Goal of the exercise = Although the records contain pictures, none belong in the copy: restate word for word only the lines from the one with "Intricately adorned with" through the one with "Unlike her earlier", both included.
Dataset records: Begin
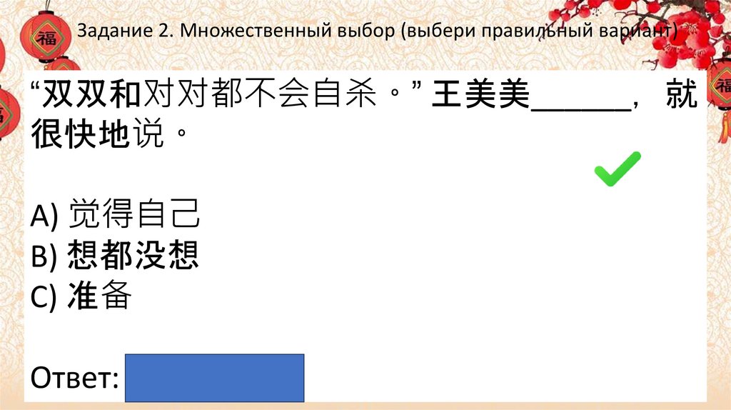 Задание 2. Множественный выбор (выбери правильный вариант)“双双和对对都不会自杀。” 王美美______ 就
Dataset records: End
Dataset records: Begin
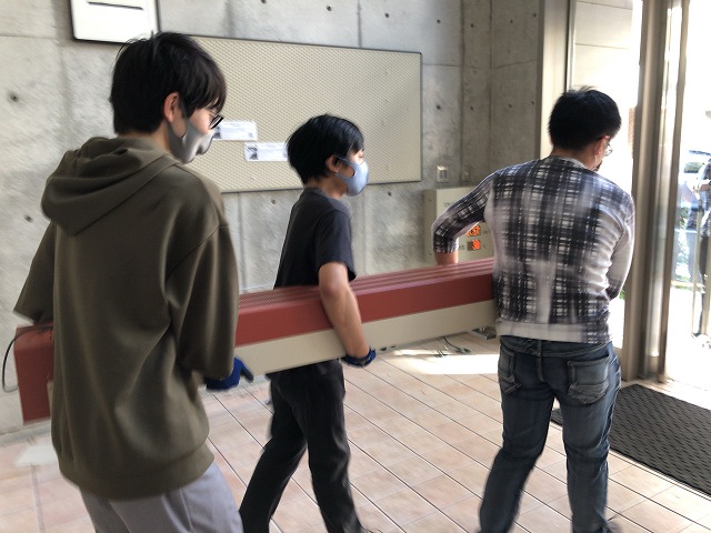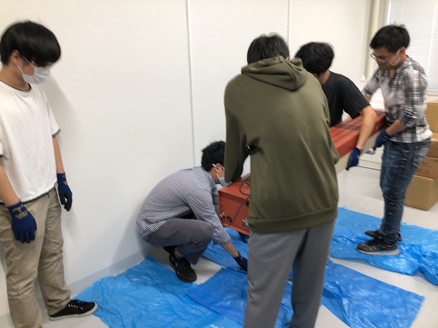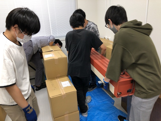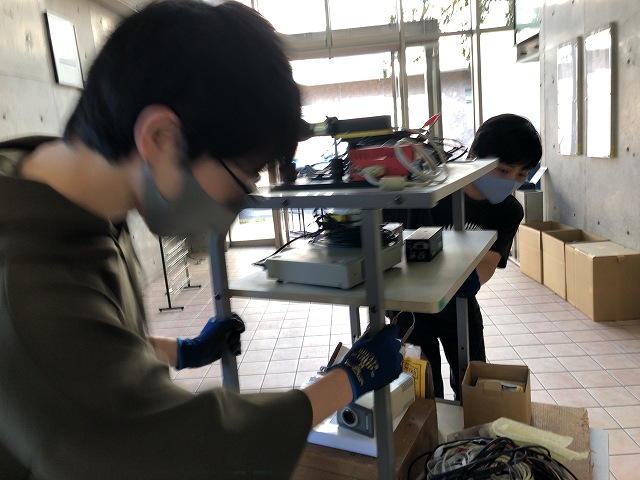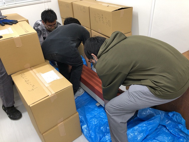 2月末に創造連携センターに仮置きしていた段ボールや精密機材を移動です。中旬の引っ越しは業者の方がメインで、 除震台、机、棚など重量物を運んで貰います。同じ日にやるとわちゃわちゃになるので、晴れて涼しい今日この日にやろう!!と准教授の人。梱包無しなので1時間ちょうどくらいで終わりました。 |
Dataset records: End
Dataset records: Begin
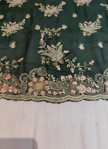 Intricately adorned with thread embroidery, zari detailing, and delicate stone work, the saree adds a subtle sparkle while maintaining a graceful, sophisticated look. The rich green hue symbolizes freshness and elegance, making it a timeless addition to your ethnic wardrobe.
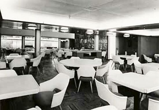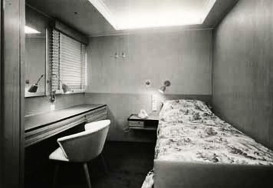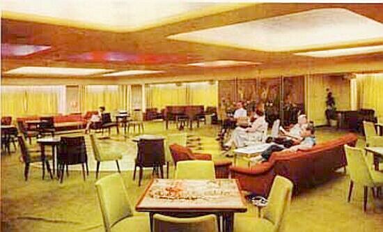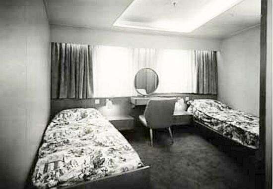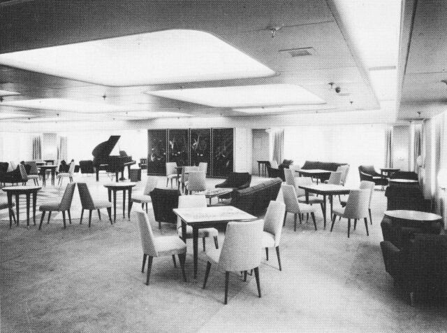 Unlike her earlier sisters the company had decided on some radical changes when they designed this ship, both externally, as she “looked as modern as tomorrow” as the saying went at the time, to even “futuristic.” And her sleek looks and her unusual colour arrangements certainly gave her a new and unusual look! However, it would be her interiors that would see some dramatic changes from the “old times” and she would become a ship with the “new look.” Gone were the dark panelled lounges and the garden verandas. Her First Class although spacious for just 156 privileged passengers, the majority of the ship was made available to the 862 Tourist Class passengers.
Dataset records: End
Output below =
 Intricately adorned with thread embroidery, zari detailing, and delicate stone work, the saree adds a subtle sparkle while maintaining a graceful, sophisticated look. The rich green hue symbolizes freshness and elegance, making it a timeless addition to your ethnic wardrobe.
 Unlike her earlier sisters the company had decided on some radical changes when they designed this ship, both externally, as she “looked as modern as tomorrow” as the saying went at the time, to even “futuristic.” And her sleek looks and her unusual colour arrangements certainly gave her a new and unusual look! However, it would be her interiors that would see some dramatic changes from the “old times” and she would become a ship with the “new look.” Gone were the dark panelled lounges and the garden verandas. Her First Class although spacious for just 156 privileged passengers, the majority of the ship was made available to the 862 Tourist Class passengers.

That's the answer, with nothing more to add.